The true cost of appliances

June 4, 2008

If you think that 10-year-old refrigerator is saving you money, think again.

As the slumping U.S. housing market depresses demand for refrigerators and washers, manufacturers are looking to get the word out that newer appliances can save substantial amounts of energy.

The Association of Home Appliance Manufacturers, a group of appliance makers and suppliers, has drafted a report that quantifies the energy savings of some products.

Since 2000, refrigerators, dishwashers and washing machines have accounted for a 43 percent decrease in energy consumption, the group says.

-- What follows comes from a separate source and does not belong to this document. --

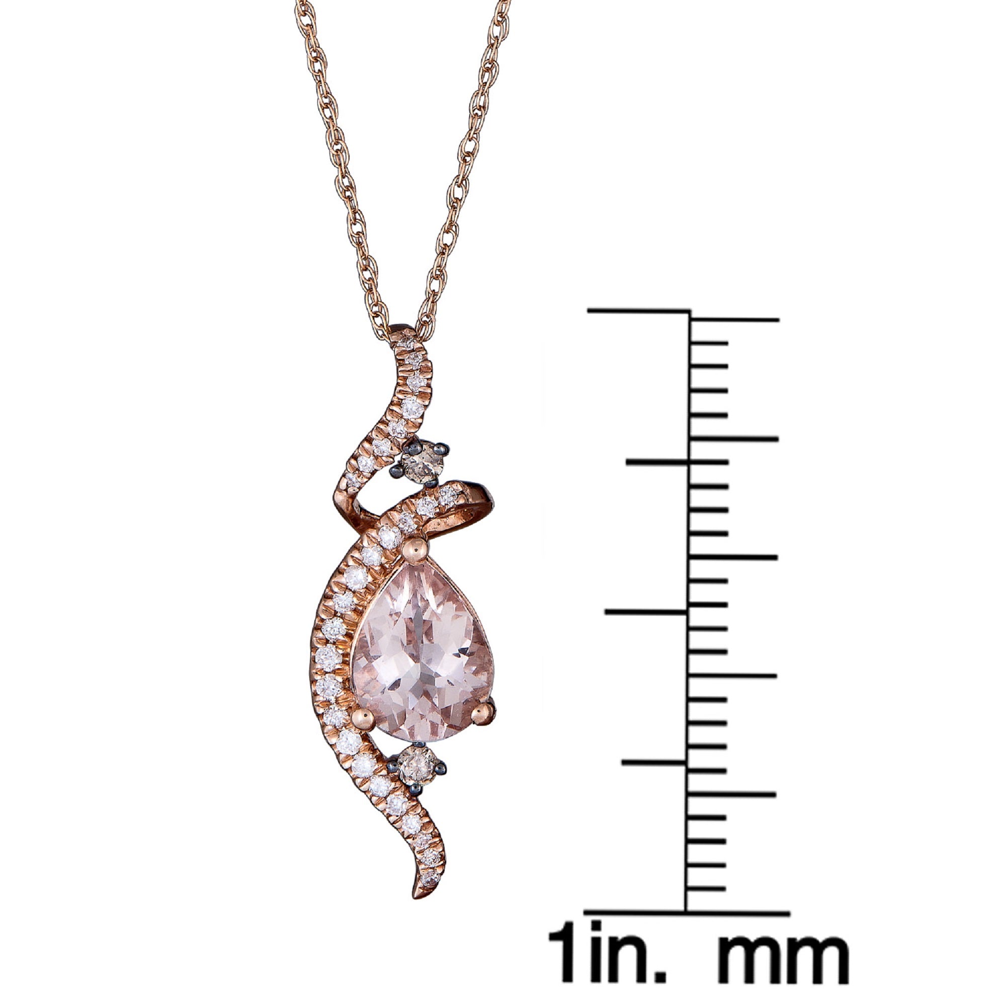 Decorate yourself in elegance with this Pendant is crafted from 10-karat Rose Gold by Gin & Grace Pendant. This Pendant is made up of 6X8 mm Pear-Cut Prong setting Genuine Madagascar Morganite (1 Pcs) 0.90 Carat and Round-Cut Prong setting Natural Brown Diamond (2 Pcs) 0.05 Carat and Round-Cut Prong setting Natural White Diamond (27 Pcs) 0.11 Carat. This Pendant is weight 1.0 grams. The gorgeous Pendant hangs from a 18-inch wheat chain. This delicate Pendant is polished to a high finish shine

Improvements in technology and design have made newer appliances more efficient. For example, washing machines now offer shorter wash cycles, while newer dishwashers have air drying options that cut energy use.

Front-loading washing machines (such as the one pictured) require less water and energy to operate. Energy consumed by clothes washers has fallen 63 percent since 2000, according to the data.

Another snippet: the average refrigerator sold today uses less energy than a 60-watt light bulb that runs 24 hours a day. More efficient compressors and better insulation help explain why.

“This data shows that replacing older appliances can make a huge impact in a family’s energy budget,” AHAM President Joseph McGuire said.

Still, the savings do have a cost. Some front-load washers cost more than $1,000.

Would you upgrade your older appliances to save energy?